Estudio bíblico de Levítico 4:1-12

Levítico 4:1-12

Tema: La ofrenda por el pecado - El pecado como una naturaleza.

Esta es la primera de las ofrendas de aroma no agradable. Las 3 ofrendas de aroma agradable exponían la persona de Cristo en Su carácter glorioso. Las 2 ofrendas de aroma no agradable presentaban la obra de Cristo en la cruz por el pecado. La ofrenda por el pecado nos hablaba del pecado como una naturaleza. La ofrenda por la culpa habla del pecado como un acto. Es que el hombre y la mujer son pecadores por naturaleza, y pecadores por lo que hacen. Actúan de esa manera porque son pecadores por naturaleza.

Hay algunas características notables de la ofrenda por el pecado que la distinguen de las otras ofrendas y que destacan su importancia.

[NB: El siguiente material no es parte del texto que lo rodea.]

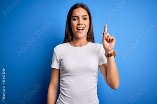 Young beautiful brunette woman wearing white casual t-shirt standing over blue background pointing finger up with successful idea. Exited and happy. Number one.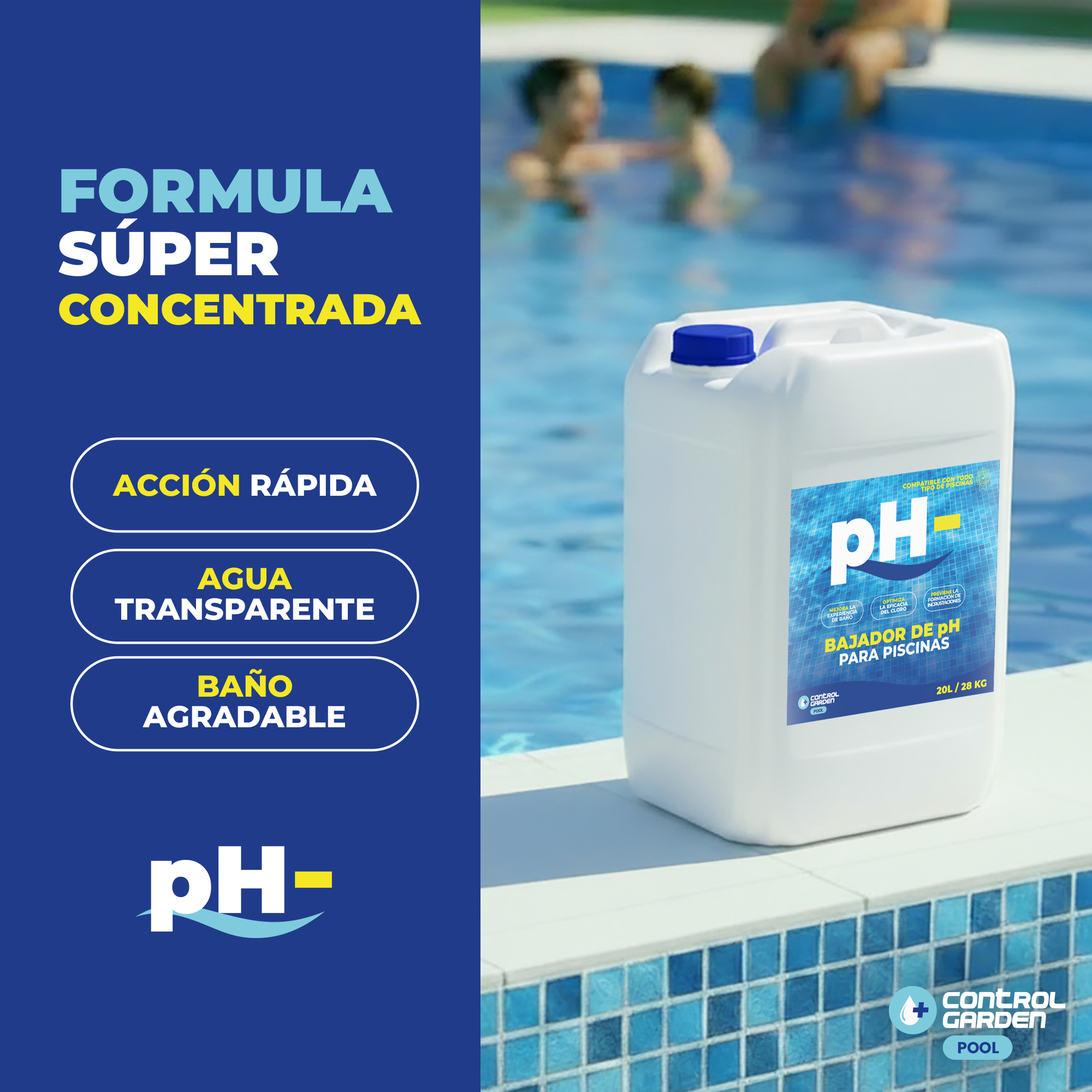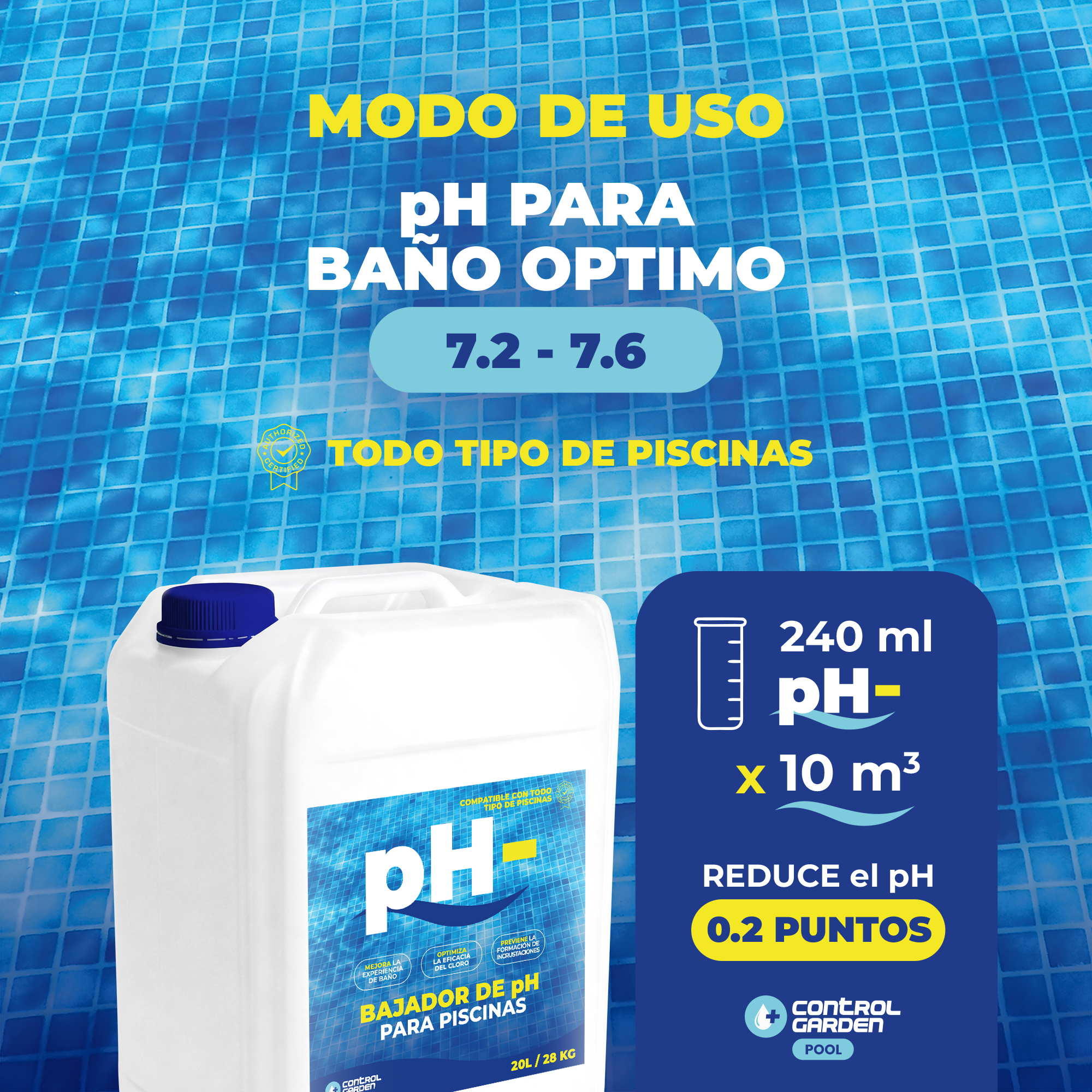 El bajador de pH Control Garden 20 L está pensado para quienes buscan un producto de alto rendimiento que permita espaciar las reposiciones y simplificar el mantenimiento. Es una opción ideal tanto para piscinas privadas de gran tamaño como para instalaciones comunitarias, hoteles o centros deportivos.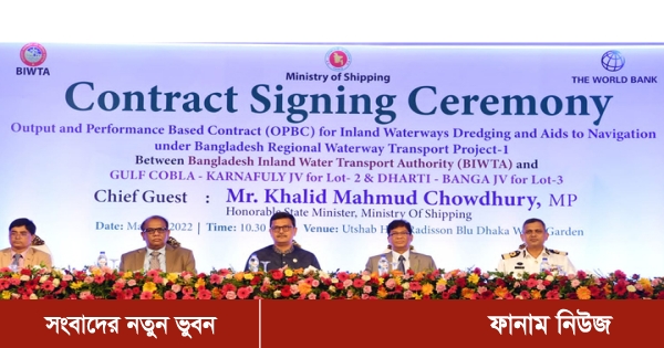 বিশ্বব্যাংকের অর্থায়নে অভ্যন্তরীণ নৌপথে যাত্রী ও পণ্য পরিবহনের জন্য চট্টগ্রাম-ঢাকা-আশুগঞ্জ অঞ্চলের নৌ-করিডোরের সক্ষমতা ও নিরাপত্তা ব্যবস্থার উন্নয়ন সাধন এবং এটিকে টেকসই খাত হিসেবে প্রতিষ্ঠিত করার লক্ষ্যে চুক্তিপত্র স্বাক্ষর অনুষ্ঠিত হয়েছে।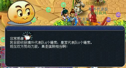 总体来看,这个拔河比赛与以前推出梦幻嘉年华的拔河比赛基本相同,估计梦幻与**的合作才会会奉献出梦幻的这个“保留节目”。2场比赛耗时大概40多分钟,经验还可以,就155人物来说:拿领取绳索任务一次就是1W多点经验,而点击猴子则只是7000多。而且最后刷的满地宝箱经验不错7W5一个,不过抢的人也多。物品奖励有强化石、宝图、植物种子等,其他的奖励暂时还没有触发,记得以前经典的拔河比赛有彩果、C66奖励等。

1. Ocupa la mayor extensión en el relato Bíblico: El espacio que se le dedica equivale al doble que a las otras 4 ofrendas. El holocausto ocupa 17 versículos; la ofrenda de cereales, 16; la ofrenda de paz, 17; la ofrenda por la culpa, 19; y la ofrenda por el pecado, 35 versículos. Evidentemente el Espíritu de Dios consideró que era muy importante.

2. La ofrenda por el pecado era una ofrenda completamente nueva. Hasta este momento histórico, no se había registrado ninguna ofrenda por el pecado. No había ninguna mención al respecto en las Sagradas Escrituras. Ninguna nación pagana tenía ritos ni siquiera similares a éste.

3. Desde el momento de la entrega de la Ley, se convirtió en la ofrenda más importante y significativa. El ser humano era un pecador desde antes de la entrega de la Ley pero, en efecto, fue la Ley la que le reveló que era un pecador. La ofrenda por el pecado fue ofrecida durante todas las fiestas; Pascua, Pentecostés, Trompetas y Tabernáculos. Fue presentada en el gran Día de la Expiación (Yom Kipur) por el Sumo Sacerdote y en el Lugar Santísimo.

4. Aparece en contraste con el holocausto, aunque se realizaba en el mismo lugar. Dice Levítico 6:25: Habla a Aarón y a sus hijos y diles: "Esta es la ley de la ofrenda por el pecado: la ofrenda por el pecado será ofrecida delante del Señor en el mismo lugar donde el holocausto es ofrecido; es cosa santísima".

Donde acaba el holocausto, empezaba la ofrenda por el pecado. El holocausto nos dice quien es Cristo; la ofrenda por el pecado nos dice que hizo Cristo. En el holocausto, Cristo satisface las demandas de las elevadas y santas normas de Dios; en la ofrenda por el pecado Cristo satisface las profundas y desesperadas necesidades del ser humano. En el holocausto vemos la hermosura de Cristo; en la ofrenda por el pecado vemos el carácter odioso del pecado.

El holocausto era una ofrenda voluntaria; la ofrenda por el pecado era obligatoria. El holocausto ascendía; la ofrenda por el pecado era derramada. Una ofrenda subía y la otra descendía.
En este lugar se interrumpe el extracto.